◆ Work required ◆
Transcribe nothing except the lines below that run from the one with "Ayurvedic Satya Naturals" to the one with "Ride in style, thanks", ends included, and do not copy any picture.

◆ Input for this task ◆
########################################
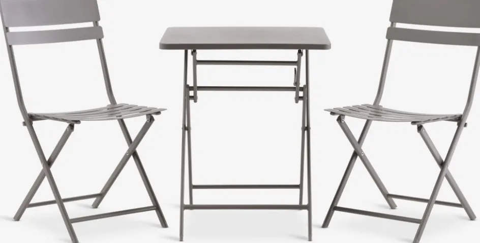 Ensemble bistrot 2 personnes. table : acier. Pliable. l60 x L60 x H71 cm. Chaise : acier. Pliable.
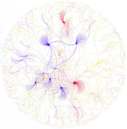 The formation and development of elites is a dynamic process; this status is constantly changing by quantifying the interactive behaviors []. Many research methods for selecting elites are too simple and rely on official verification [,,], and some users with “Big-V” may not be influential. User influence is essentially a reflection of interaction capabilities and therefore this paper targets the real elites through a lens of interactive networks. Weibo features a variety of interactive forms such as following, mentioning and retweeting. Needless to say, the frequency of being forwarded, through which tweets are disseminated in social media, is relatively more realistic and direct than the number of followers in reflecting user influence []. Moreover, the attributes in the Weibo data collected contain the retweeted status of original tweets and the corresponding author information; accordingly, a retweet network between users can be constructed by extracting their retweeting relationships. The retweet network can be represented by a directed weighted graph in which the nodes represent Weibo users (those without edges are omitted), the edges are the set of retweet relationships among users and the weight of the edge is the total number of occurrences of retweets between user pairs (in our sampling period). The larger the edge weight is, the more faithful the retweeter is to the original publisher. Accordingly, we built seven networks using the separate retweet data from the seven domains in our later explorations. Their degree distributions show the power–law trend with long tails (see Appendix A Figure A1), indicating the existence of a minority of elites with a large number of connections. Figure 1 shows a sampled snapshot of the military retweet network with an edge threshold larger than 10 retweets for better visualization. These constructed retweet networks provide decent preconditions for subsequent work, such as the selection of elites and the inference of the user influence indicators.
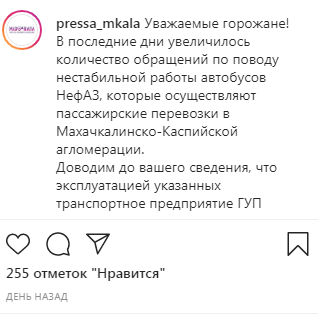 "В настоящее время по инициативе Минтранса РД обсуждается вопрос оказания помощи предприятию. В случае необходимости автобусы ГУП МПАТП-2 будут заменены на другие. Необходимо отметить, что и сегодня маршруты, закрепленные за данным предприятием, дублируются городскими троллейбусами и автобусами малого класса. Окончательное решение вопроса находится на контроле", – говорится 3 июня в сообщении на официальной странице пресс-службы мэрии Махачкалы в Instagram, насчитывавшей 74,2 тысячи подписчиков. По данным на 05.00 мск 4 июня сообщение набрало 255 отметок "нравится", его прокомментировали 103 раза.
########################################
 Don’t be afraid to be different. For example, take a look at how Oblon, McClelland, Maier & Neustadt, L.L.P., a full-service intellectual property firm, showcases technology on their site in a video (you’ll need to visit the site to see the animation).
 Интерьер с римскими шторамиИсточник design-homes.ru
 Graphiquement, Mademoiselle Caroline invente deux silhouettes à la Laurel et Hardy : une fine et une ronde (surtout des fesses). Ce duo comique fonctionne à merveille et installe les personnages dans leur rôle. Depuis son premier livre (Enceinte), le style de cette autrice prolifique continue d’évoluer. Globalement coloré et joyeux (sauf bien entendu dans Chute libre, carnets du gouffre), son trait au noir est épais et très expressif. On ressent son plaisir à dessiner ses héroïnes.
########################################
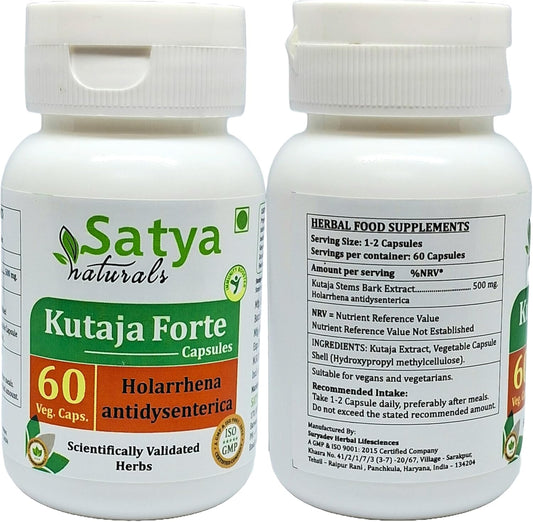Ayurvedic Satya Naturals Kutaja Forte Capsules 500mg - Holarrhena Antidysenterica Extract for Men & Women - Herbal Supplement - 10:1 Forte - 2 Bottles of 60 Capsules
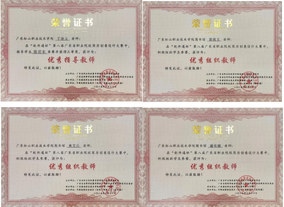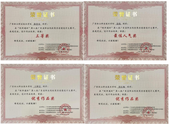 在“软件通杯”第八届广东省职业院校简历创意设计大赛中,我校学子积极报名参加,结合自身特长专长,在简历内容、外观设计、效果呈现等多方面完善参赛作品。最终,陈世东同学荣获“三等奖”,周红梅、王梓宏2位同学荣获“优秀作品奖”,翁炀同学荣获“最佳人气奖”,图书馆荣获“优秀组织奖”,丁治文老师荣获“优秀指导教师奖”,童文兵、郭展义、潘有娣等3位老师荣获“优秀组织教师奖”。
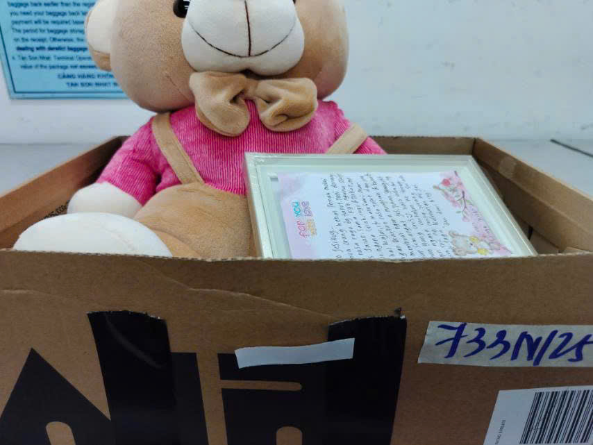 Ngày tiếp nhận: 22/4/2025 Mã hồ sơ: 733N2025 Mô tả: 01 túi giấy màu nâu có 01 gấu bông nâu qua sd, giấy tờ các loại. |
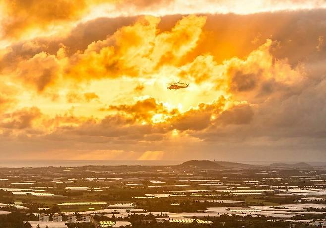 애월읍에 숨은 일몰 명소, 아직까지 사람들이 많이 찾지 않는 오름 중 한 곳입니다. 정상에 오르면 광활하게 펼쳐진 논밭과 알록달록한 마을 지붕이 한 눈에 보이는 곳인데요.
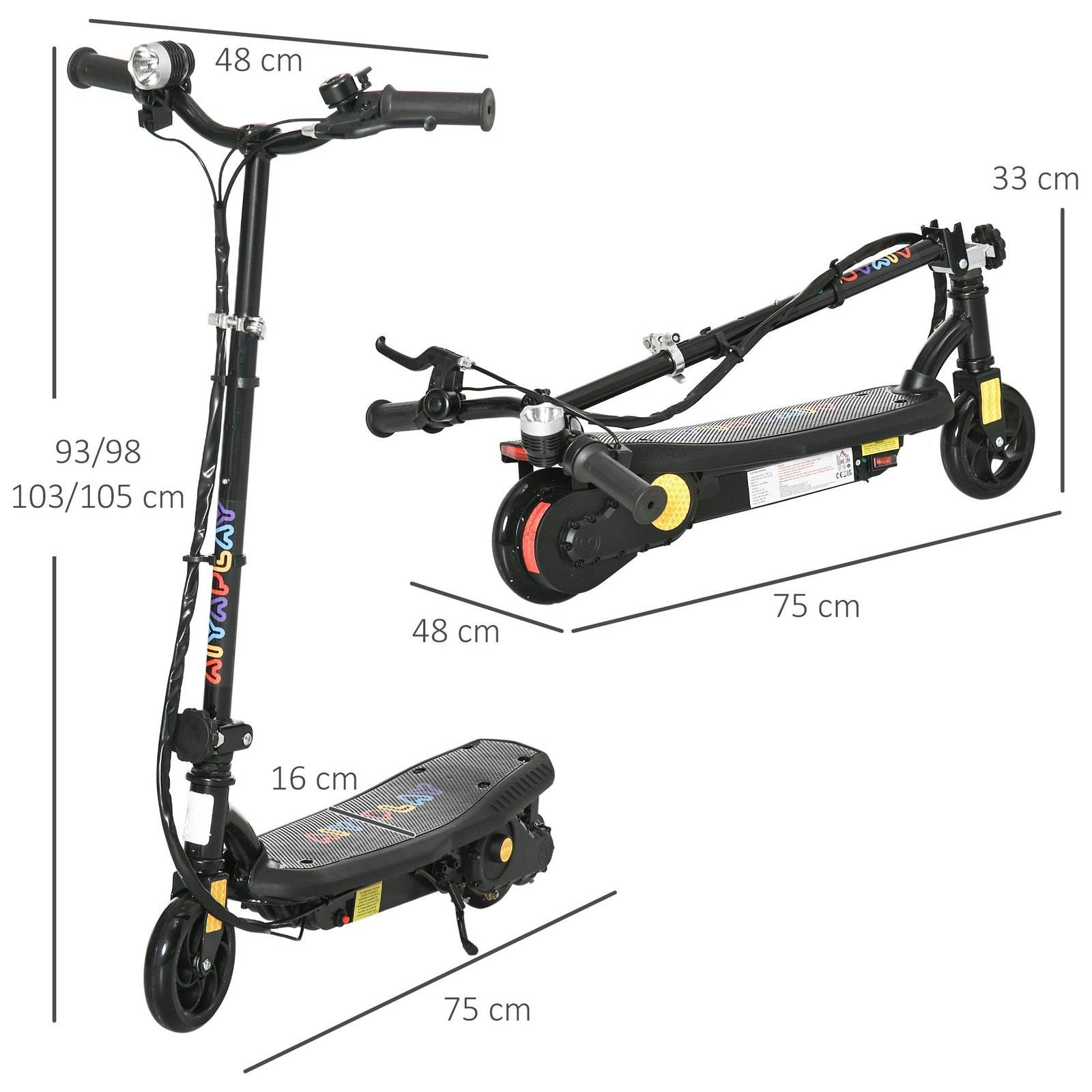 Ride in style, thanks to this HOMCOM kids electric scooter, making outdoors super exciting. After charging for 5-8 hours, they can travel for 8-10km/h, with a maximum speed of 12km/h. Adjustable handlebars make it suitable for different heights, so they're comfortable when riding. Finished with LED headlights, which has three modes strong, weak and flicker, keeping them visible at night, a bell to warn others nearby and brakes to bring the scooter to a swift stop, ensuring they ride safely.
########################################
◆ Expected answer ◆
Ayurvedic Satya Naturals Kutaja Forte Capsules 500mg - Holarrhena Antidysenterica Extract for Men & Women - Herbal Supplement - 10:1 Forte - 2 Bottles of 60 Capsules
 在“软件通杯”第八届广东省职业院校简历创意设计大赛中,我校学子积极报名参加,结合自身特长专长,在简历内容、外观设计、效果呈现等多方面完善参赛作品。最终,陈世东同学荣获“三等奖”,周红梅、王梓宏2位同学荣获“优秀作品奖”,翁炀同学荣获“最佳人气奖”,图书馆荣获“优秀组织奖”,丁治文老师荣获“优秀指导教师奖”,童文兵、郭展义、潘有娣等3位老师荣获“优秀组织教师奖”。
 Ngày tiếp nhận: 22/4/2025 Mã hồ sơ: 733N2025 Mô tả: 01 túi giấy màu nâu có 01 gấu bông nâu qua sd, giấy tờ các loại. |
 애월읍에 숨은 일몰 명소, 아직까지 사람들이 많이 찾지 않는 오름 중 한 곳입니다. 정상에 오르면 광활하게 펼쳐진 논밭과 알록달록한 마을 지붕이 한 눈에 보이는 곳인데요.
 Ride in style, thanks to this HOMCOM kids electric scooter, making outdoors super exciting. After charging for 5-8 hours, they can travel for 8-10km/h, with a maximum speed of 12km/h. Adjustable handlebars make it suitable for different heights, so they're comfortable when riding. Finished with LED headlights, which has three modes strong, weak and flicker, keeping them visible at night, a bell to warn others nearby and brakes to bring the scooter to a swift stop, ensuring they ride safely.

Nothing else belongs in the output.